The point is, the timing and amount of an inheritance may be a wild card. If you are expecting a significant or highly likely inheritance, it may be unrealistic to ignore it completely; but at the same time, counting on an inheritance that may not be as much or arrive as soon as you expect could make for a risky retirement plan.

Anecdotally, I have found that many clients ignore, or significantly understate an expected inheritance in their retirement planning. However, surveys suggest Canadians may be overly optimistic overall. In fact, a BMO survey from 2014 found that 40% of Canadians are counting on an inheritance that will help fund their retirement. The same survey also found that almost the same percentage, about 34%, are counting on lottery winnings to fund their retirement. The lottery expectation makes me question both numbers.

More recently, a 2019 Edward Jones survey found a similar number of Canadians are expecting an inheritance—44%. The good news is 63% of Canadians are expecting to leave an inheritance. But, as always, expectations can be thwarted by long-term care costs, despite best intentions.

CIBC reported in 2016 that the average inheritance received in the previous decade by Canadians aged 50 to 75 was about $180,000. The amount differed significantly by province, with BC, Quebec and Ontario all exceeding the national average, likely in large part due to real estate prices.

Practically speaking, I would be inclined to underestimate inheritance expectations and overestimate the life expectancy of anyone who you might expect to receive an inheritance from in the future. There is about a 50% chance that a 65-year-old man will live to 89, according to FP Canada’s 2019 Projection Assumption Guidelines. A 65-year-old woman has a 50% chance of living to 91.

Being conservative when setting your own retirement savings and debt repayment targets may help ensure receiving an inheritance is what it should be: a windfall, rather than a necessity for funding your retirement.

From a planning perspective, if you are expecting an inheritance, there are proactive steps to take. In a 2017 CIBC poll, only 38% of seniors over age 65 have talked to their children about how to manage their finances if they can no longer do so themselves. Only 22% of boomers aged 55 and over have “legal documents,” like a will or power of attorney, in place.

My mother was a good example of how quickly health can deteriorate at a fairly young age. Her financial affairs were in order, but there were certain discussions even I wished we’d had earlier than we did.

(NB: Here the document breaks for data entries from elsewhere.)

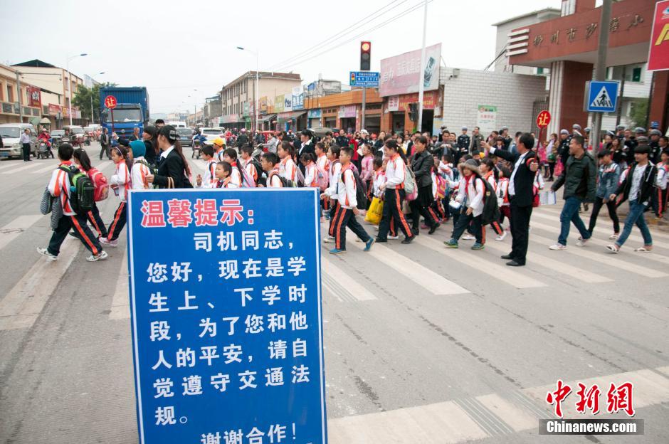 广西柳州小学生穿警服指挥交通
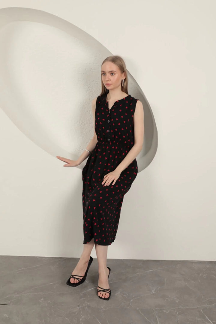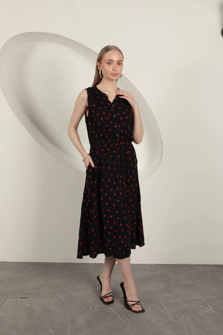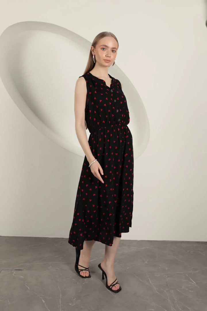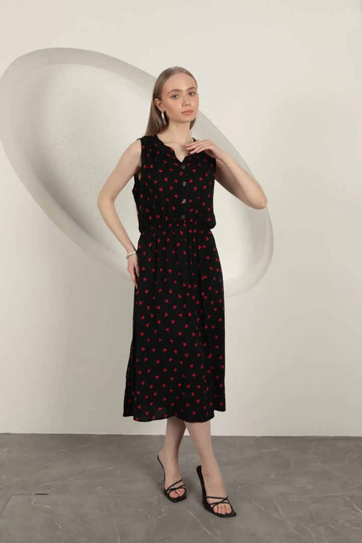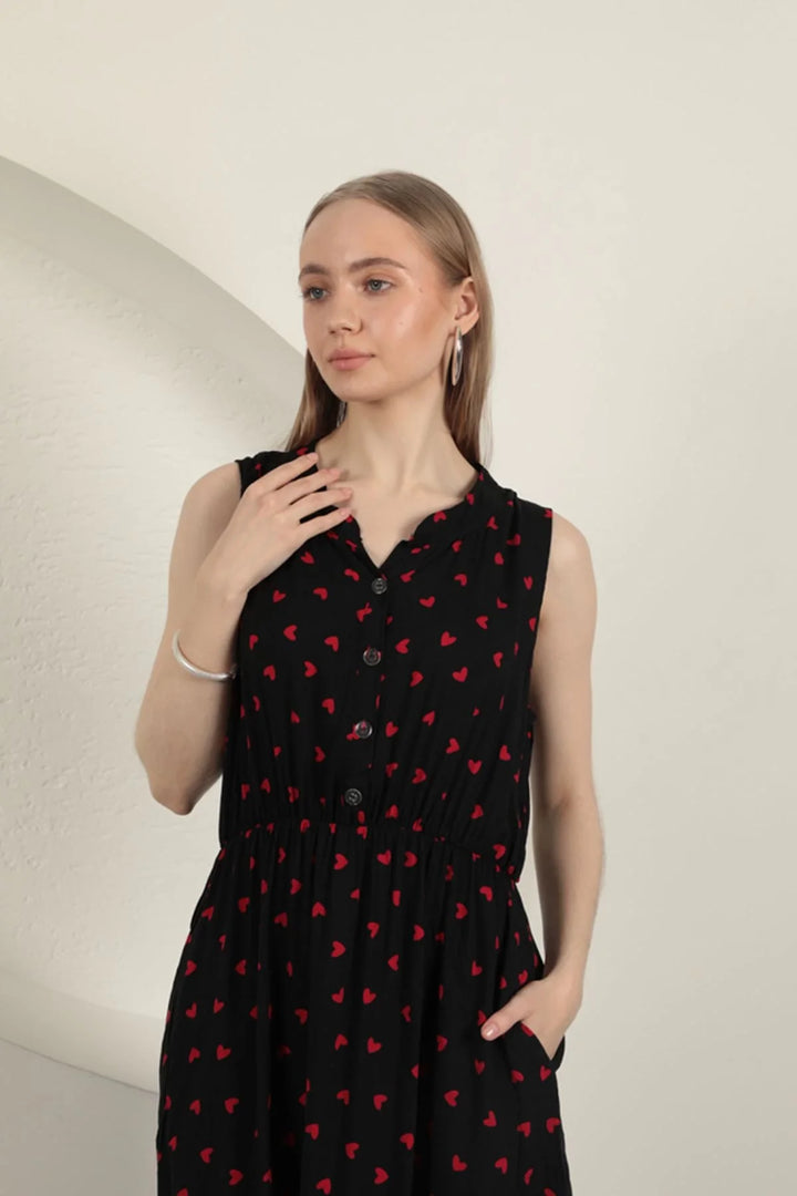 Viskon Kumaş Kalp Desenli Elbise-Siyah/Kırmızı
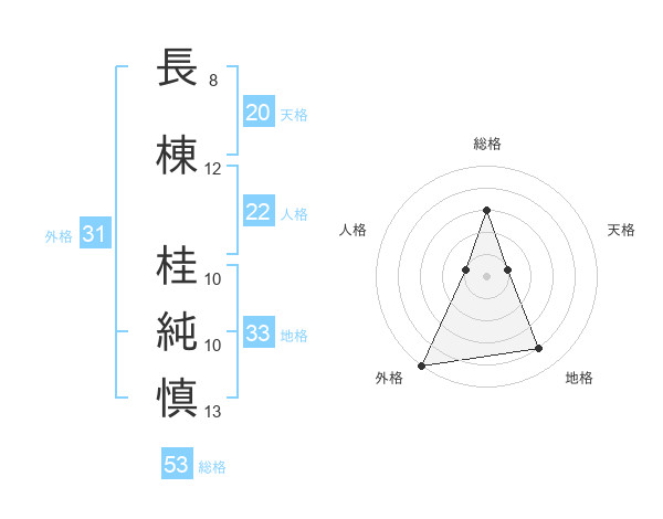 長棟 桂純慎さんの総格は53画の3点!
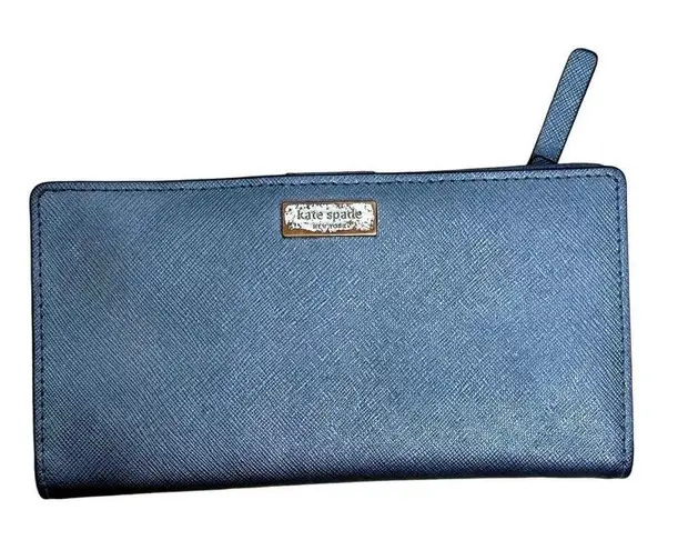 CLASSIC KATE SPADE Bifold Snap Wallet W/ Zipper Gold Hardware 7" x 4" Blue Gray Preowned- see photos... Show more

One of my favourite pieces of financial planning advice is to beware of rules of thumb. But one rule that I do like is the “40-70 rule”—meaning, by the time you are 40, or your parents are 70, you should aim to discuss money and health with your parents.

I was 40 when my mother died earlier this year at age 66. I knew all the details of my mother’s finances, and enough about her care and end-of-life wishes to make the right decisions with my family. You may not need to know specific numbers and intimate details of your own parents’ finances if they do not want to share them, but there are a few things you should know.

  • Do they have up-to-date wills and powers of attorney/personal directives/mandates?
  • Where are their legal documents located?
  • Who is named as executor, attorney, agent or decision-maker?
  • Do they have a financial, tax or legal advisor whom you should know?
  • What are their long-term care and end-of-life wishes?

There are planning techniques to minimize income tax, probate fees and estate costs with an inheritance, but I see these strategies as being secondary to having an initial discussion with a parent about their estate and later life planning. Sometimes, the basics are much more important.

For someone banking on an inheritance as part of their retirement plan, I would urge caution. It is better to be conservative and re-evaluate retirement planning and inheritance expectations on an ongoing basis. An inheritance means you have lost a loved one. But it should not mean the difference between being able to retire or not.

Jason Heath is a fee-only, advice-only Certified Financial Planner (CFP) at Objective Financial Partners Inc. in Toronto. He does not sell any financial products whatsoever.